Learning Privately from Multiparty Data (1602.03552v1)

Published 10 Feb 2016 in cs.LG and cs.CR

Abstract: Learning a classifier from private data collected by multiple parties is an important problem that has many potential applications. How can we build an accurate and differentially private global classifier by combining locally-trained classifiers from different parties, without access to any party's private data? We propose to transfer the `knowledge' of the local classifier ensemble by first creating labeled data from auxiliary unlabeled data, and then train a global $\epsilon$-differentially private classifier. We show that majority voting is too sensitive and therefore propose a new risk weighted by class probabilities estimated from the ensemble. Relative to a non-private solution, our private solution has a generalization error bounded by $O(\epsilon^{{-2}M^{-2})$} where $M$ is the number of parties. This allows strong privacy without performance loss when $M$ is large, such as in crowdsensing applications. We demonstrate the performance of our method with realistic tasks of activity recognition, network intrusion detection, and malicious URL detection.

Citations (161)

View on Semantic Scholar

Summary

Learning Privately from Multiparty Data

The paper addresses an essential problem in the domain of privacy-preserving machine learning: the creation of an accurate, differentially private global classifier from data collected by multiple parties, each of which maintains the privacy of their own data.
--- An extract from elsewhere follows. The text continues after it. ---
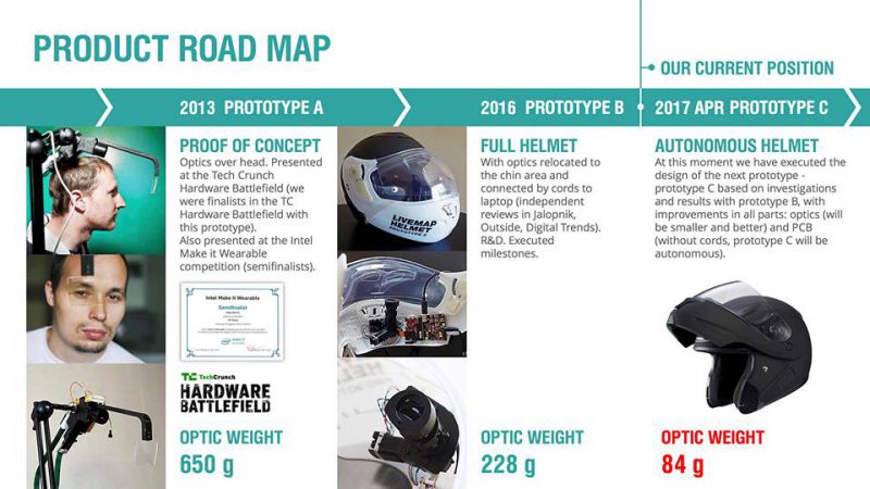 На сцене AWE появится прототип «С», автономное устройство с серийной оптикой. О технических достижениях этого прототипа мы рассказали в недавнем материале. Согласно планам LiveMap, следующий прототип выйдет осенью 2017 года; в его состав войдут модули GPS и LTE, а также камера с разрешением 4K. Пятая, финальная версия шлема будет представлена на CES 2018.

Instead of sharing raw data, each party trains a local classifier, and these local classifiers are then used to build a more accurate global classifier.

Methodology

The authors introduce a novel two-step method. The first step involves using a classifier ensemble to generate pseudo-labels for auxiliary unlabeled data. This step facilitates knowledge transfer from the ensemble to these auxiliary samples, effectively acting as a semi-supervised learning process. The second step consists of training a global classifier on the pseudo-labeled data while assuring differential privacy through output perturbation.

The paper illustrates that using majority voting to combine ensemble decisions leads to a sensitivity that compromises differential privacy. To counter this, the authors propose a weighted empirical risk minimization approach that reduces this sensitivity. The weighted loss accounts for the fraction of positive votes among the ensemble, serving as an estimated class probability which makes it less sensitive to individual classifier decisions.

Results and Analysis

The authors demonstrate through realistic tasks such as activity recognition, network intrusion detection, and malicious URL prediction that the proposed method can deliver high accuracy without sacrificing differential privacy. The theoretical results are robust, with a generalization error bound of $O(\epsilon^{-2}M^{-2})$ , where $\epsilon$ denotes the privacy budget and $M$ is the number of parties. This finding highlights that large ensembles can significantly mitigate the performance gap typically associated with privacy constraints and ensure strong privacy protection.

Implications

The proposed approach is flexible, allowing the use of classifiers of various and mixed types. The theoretical analysis confirms that the privacy guarantee extends to all samples of a party, not just a singular sample. Practically, this is advantageous in scenarios such as crowdsensing applications, with large numbers of parties contributing to a detailed privacy-preserving analysis.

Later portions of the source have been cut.